### Provided data
═══
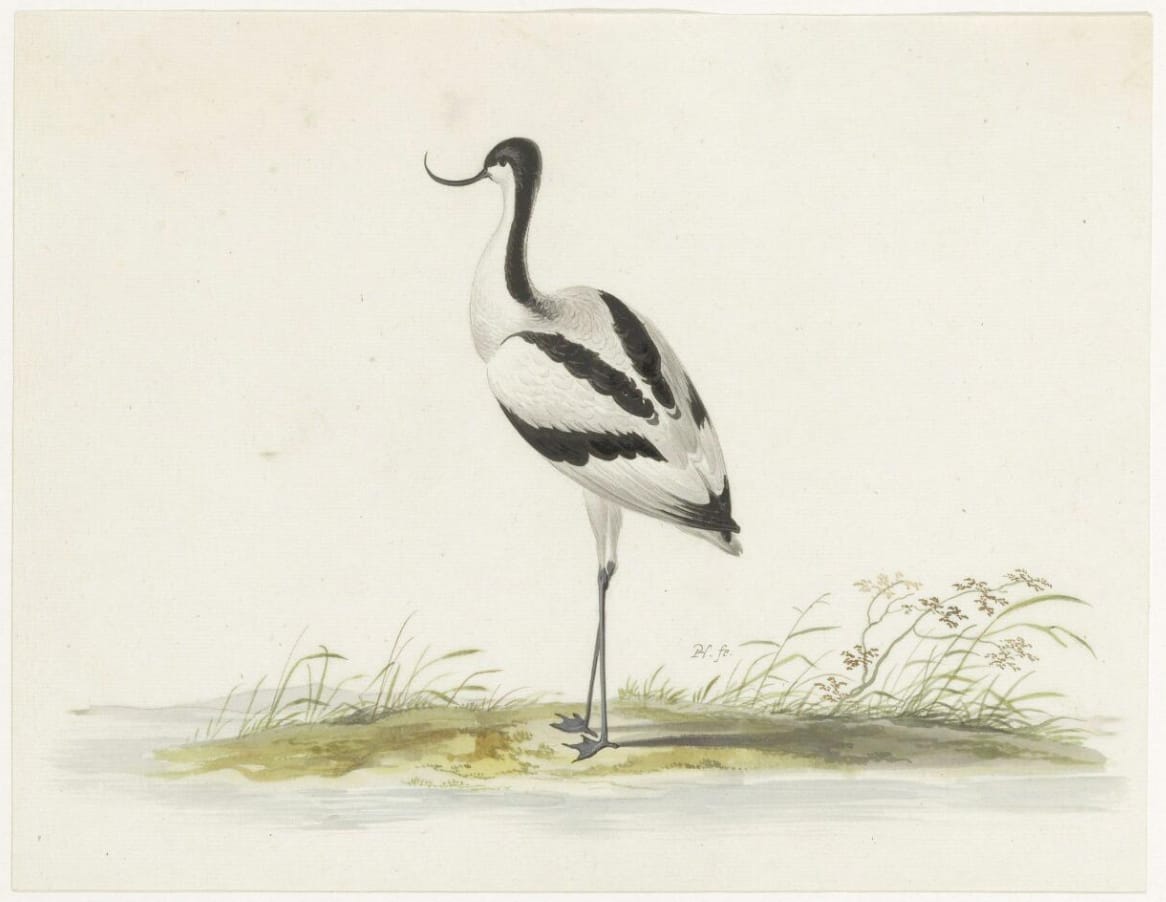 An album with a large group of approximately 150 drawings of birds, reptiles and other animals is preserved in the Noord-Hollands Archief in Haarlem, bequeathed in 1888 by Adriaan Justus Enschedé.2 A similar representation of an avocet is part of this collection, thought to have been drawn circa 1656-1667 (fig.).3 Another version of our drawing was part of the Otto Naumann collection.4 The avocet could have been part of the volière belonging to Prince Maurits of Orange in The Hague, where Holsteyn studied from life. As with the sheet in Haarlem, drawings like these were probably original made in sets, contained in albums, collected by amateurs of natural history.
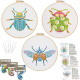 Louise Maelys 3 Sets Beetle Embroidery Kits for Beginners,Cross Stitch Kit for Adults,DIY Needlepoint for Starters Including Flowers Pattern, Hoop,Instruction and Threads
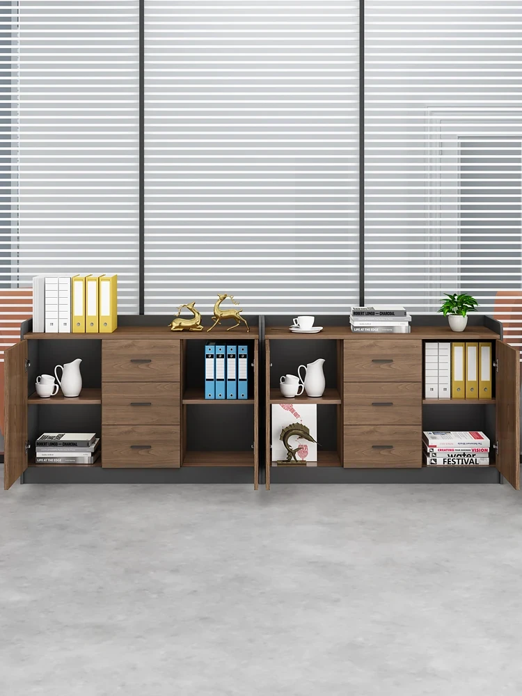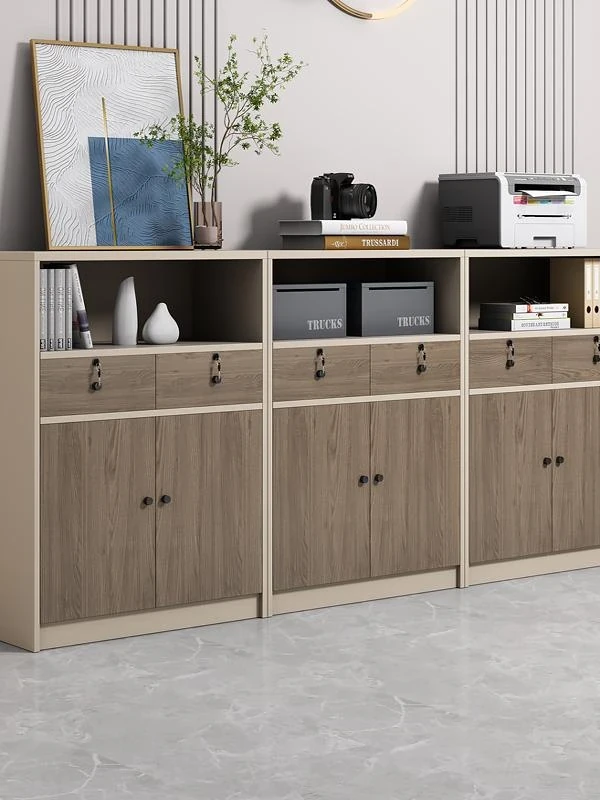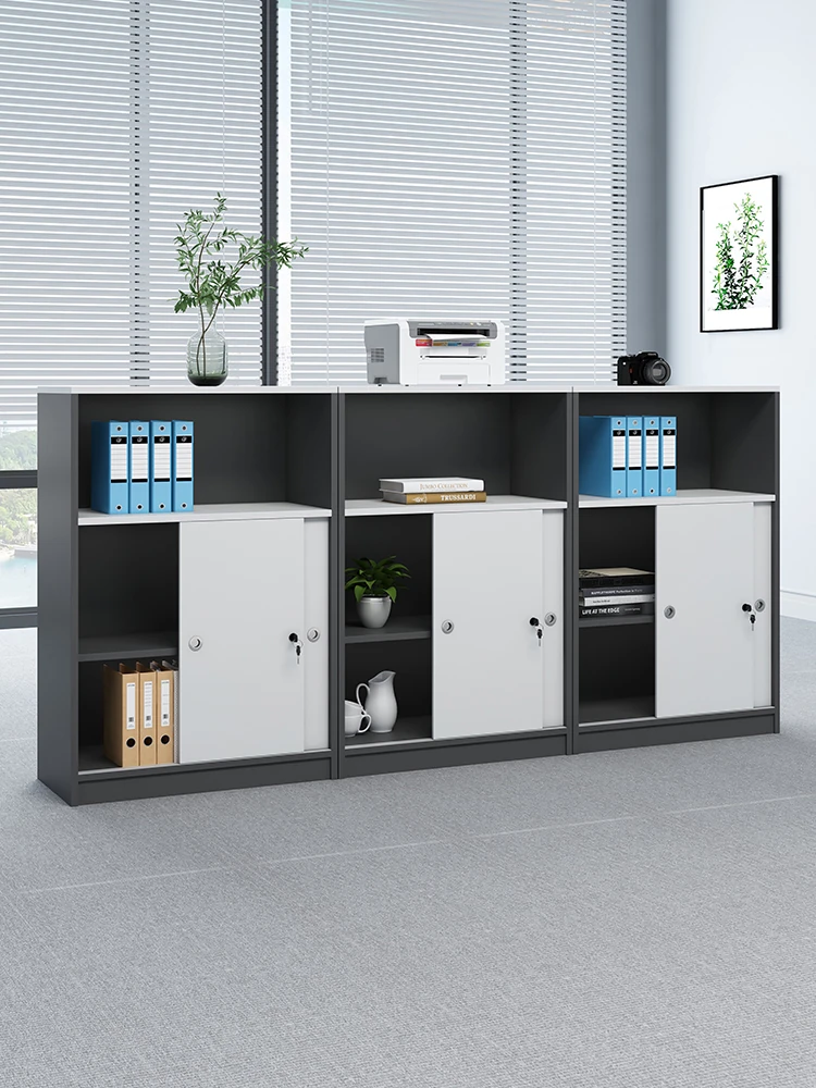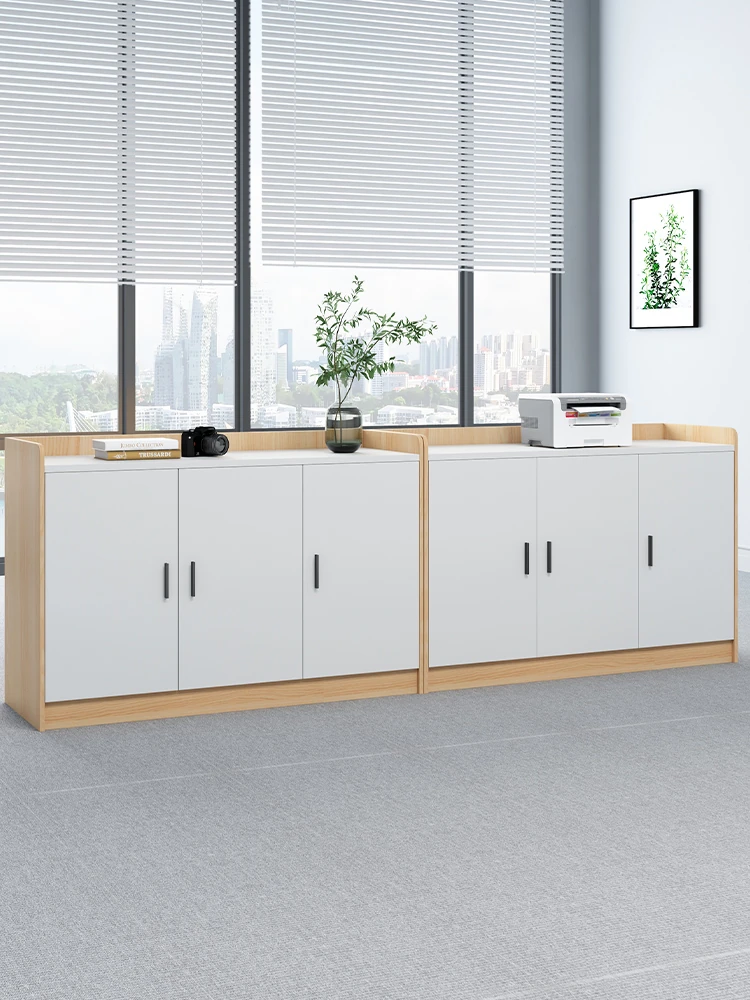 Stylish Office Partition Cabinet with Sliding Doors - Versatile Low Storage Unit for Files and Printers - Wooden Combination File Cabinet for Organized Workspace
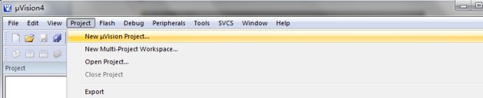 4、打開keil uvision4 MDK , 在菜單欄里點擊project 選擇 new uVision project
═══
### Work order
Exclude the pictures and print the rest of the data exactly.

### Result
 An album with a large group of approximately 150 drawings of birds, reptiles and other animals is preserved in the Noord-Hollands Archief in Haarlem, bequeathed in 1888 by Adriaan Justus Enschedé.2 A similar representation of an avocet is part of this collection, thought to have been drawn circa 1656-1667 (fig.).3 Another version of our drawing was part of the Otto Naumann collection.4 The avocet could have been part of the volière belonging to Prince Maurits of Orange in The Hague, where Holsteyn studied from life. As with the sheet in Haarlem, drawings like these were probably original made in sets, contained in albums, collected by amateurs of natural history.
 Louise Maelys 3 Sets Beetle Embroidery Kits for Beginners,Cross Stitch Kit for Adults,DIY Needlepoint for Starters Including Flowers Pattern, Hoop,Instruction and Threads
 Stylish Office Partition Cabinet with Sliding Doors - Versatile Low Storage Unit for Files and Printers - Wooden Combination File Cabinet for Organized Workspace
 4、打開keil uvision4 MDK , 在菜單欄里點擊project 選擇 new uVision project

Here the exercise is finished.